◆ **Task goal**
Leaving the pictures out, print the lines from the first line of the listing through the line containing "Absorbance interference of", exactly as they read, and no others.

◆ **Dataset section**
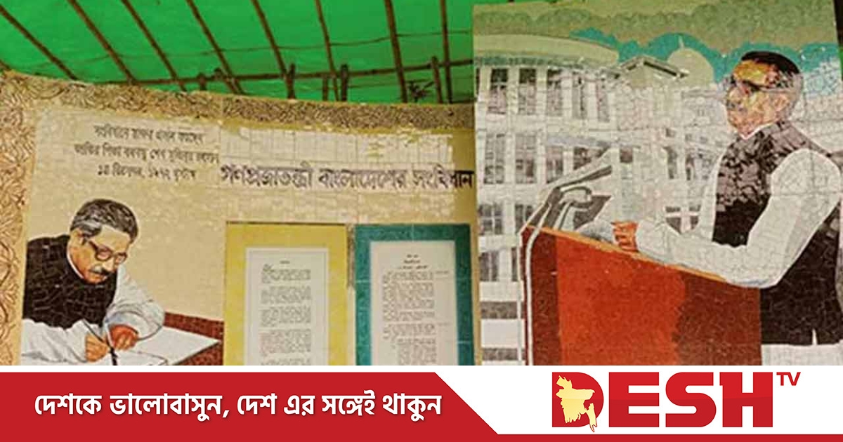 স্মারক স্তম্ভে ১৯৭২ সালের ১৪ ডিসেম্বর সংবিধানে জাতির পিতা বঙ্গবন্ধু শেখ মুজিবুর রহমানের সইয়ের ছবি এবং ১৯৭২ সালের ১৮ ডিসেম্বর সুপ্রিম কোর্ট প্রাঙ্গণে দাঁড়িয়ে ভাষণের ছবি ম্যুরাল হিসেবে উপস্থাপন করা হয়েছে। এছাড়া স্তম্ভে সংবিধানের প্রস্তাবনা এবং সংবিধানের ৯৪ এবং ৯৫ অনুচ্ছেদ উদ্ধৃত করা হয়।
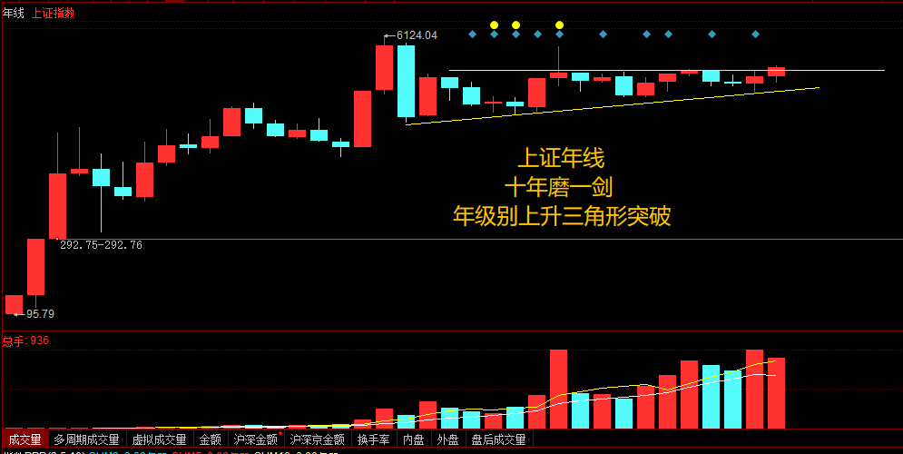 为什么我们说这轮牛市连三分之一都没走到?年线图可以看出,上证指数十年磨一剑,今年开始进入到年级别的上升三角形突破状态之中。上升三角形代表着一段趋势的休整,突破之后则意味着趋势的延续,而这个形态发生在年度这个周期上,所以趋势还将继续。
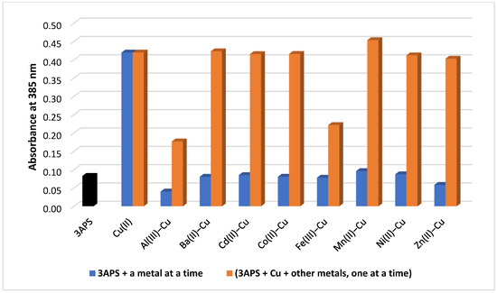 Absorbance interference of other metal ions with a 3APS–Cu(II) system measured at 385 nm. The blue color represents the absorbance of the mixture of 3APS with each metal ion individually, and the orange color represents the absorbance of the 3APS–Cu after the addition of each metal ion at a molar ratio of 1:2.
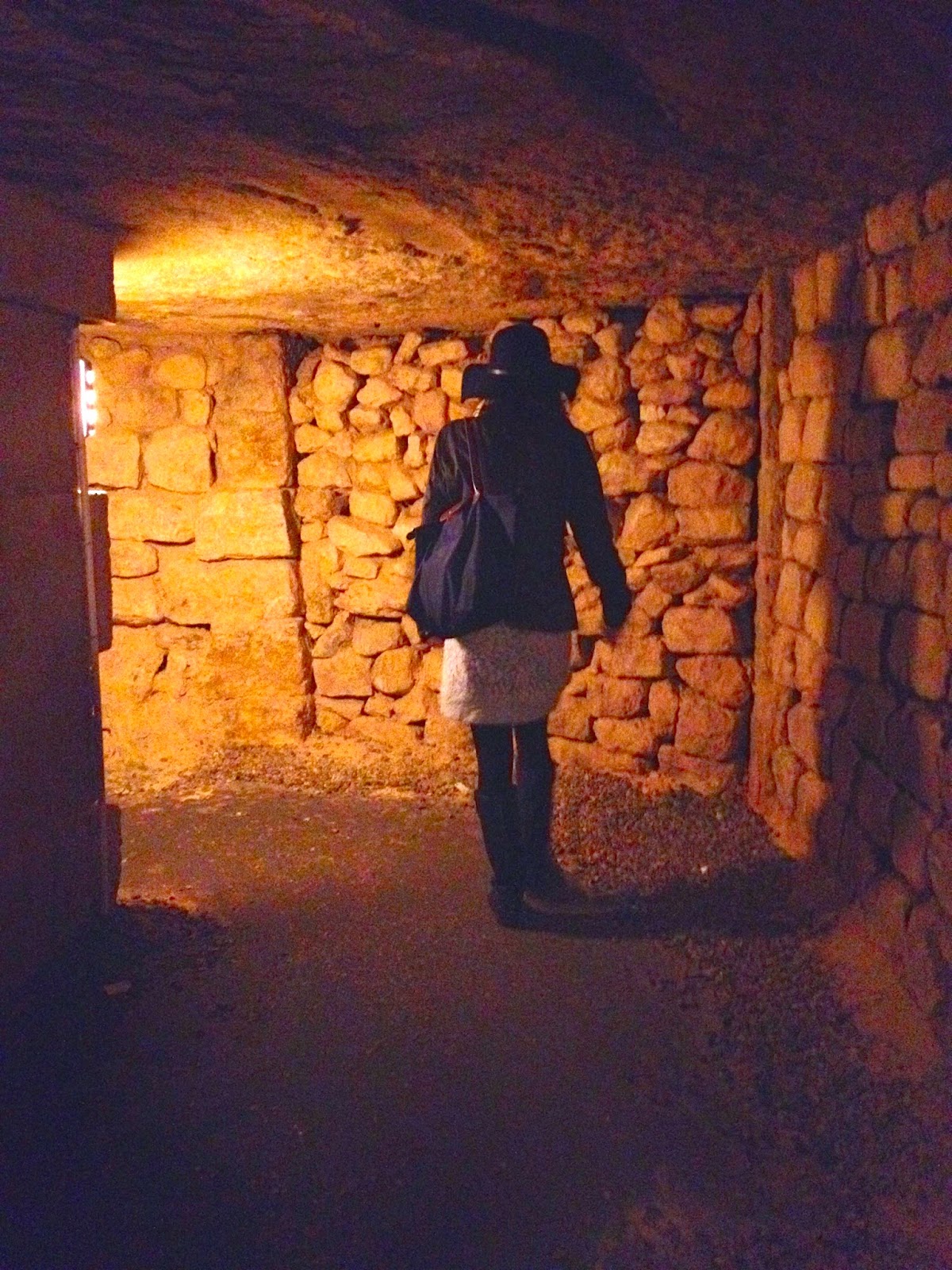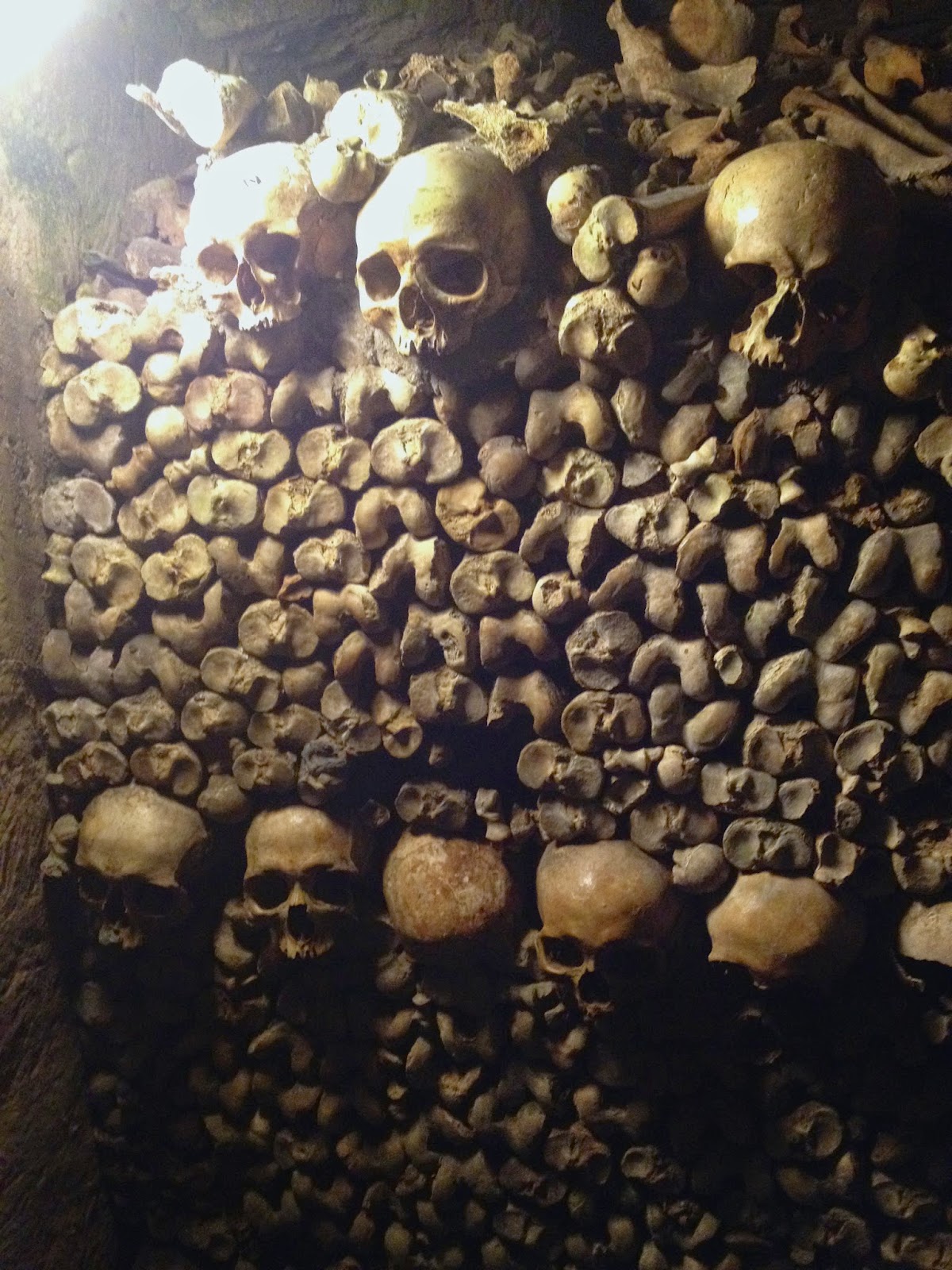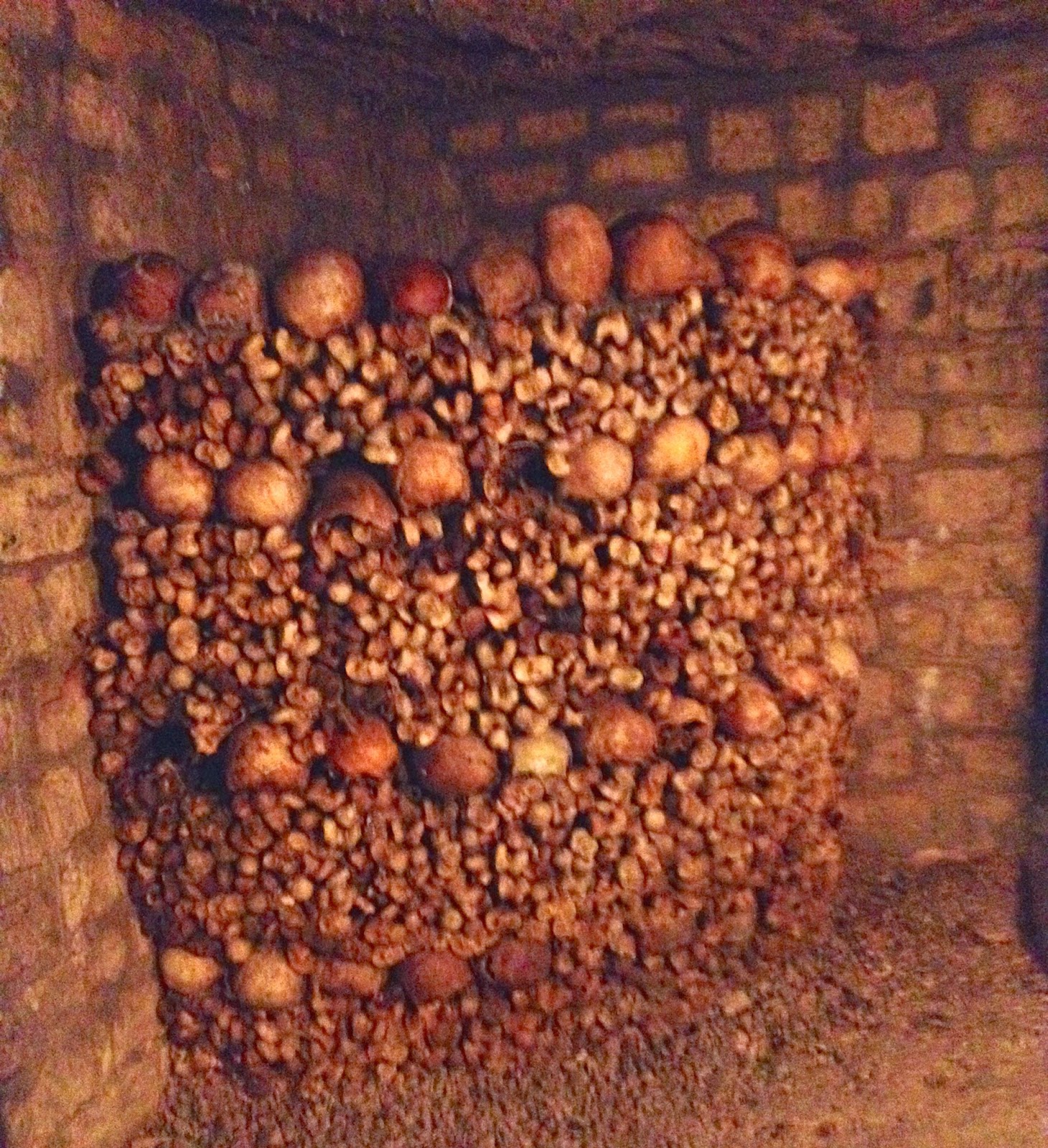 The Catacombs were created in former limestone quarries, which were mined for centuries beforehand. They are twenty meters (about 5 stories) below ground, and they contain the remains of around six million Parisians in 11,000 m² of underground space (we only walked a fraction of the tunnels I think). Bodies were transferred here gradually, between the late eighteenth and mid-nineteenth centuries because graveyards were being closed due to public health concerns. During the Revolution, people were buried directly in the Catacombs. When bodies were first transferred, bones were just thrown in piles and left there; in around 1810, the Catacombs were arranged in an orderly fashion with the skulls and long bones. Behind this, the remaining bones are still piled in a heap.

◆ **Finished exercise**
 স্মারক স্তম্ভে ১৯৭২ সালের ১৪ ডিসেম্বর সংবিধানে জাতির পিতা বঙ্গবন্ধু শেখ মুজিবুর রহমানের সইয়ের ছবি এবং ১৯৭২ সালের ১৮ ডিসেম্বর সুপ্রিম কোর্ট প্রাঙ্গণে দাঁড়িয়ে ভাষণের ছবি ম্যুরাল হিসেবে উপস্থাপন করা হয়েছে। এছাড়া স্তম্ভে সংবিধানের প্রস্তাবনা এবং সংবিধানের ৯৪ এবং ৯৫ অনুচ্ছেদ উদ্ধৃত করা হয়।
 为什么我们说这轮牛市连三分之一都没走到?年线图可以看出,上证指数十年磨一剑,今年开始进入到年级别的上升三角形突破状态之中。上升三角形代表着一段趋势的休整,突破之后则意味着趋势的延续,而这个形态发生在年度这个周期上,所以趋势还将继续。
 Absorbance interference of other metal ions with a 3APS–Cu(II) system measured at 385 nm. The blue color represents the absorbance of the mixture of 3APS with each metal ion individually, and the orange color represents the absorbance of the 3APS–Cu after the addition of each metal ion at a molar ratio of 1:2.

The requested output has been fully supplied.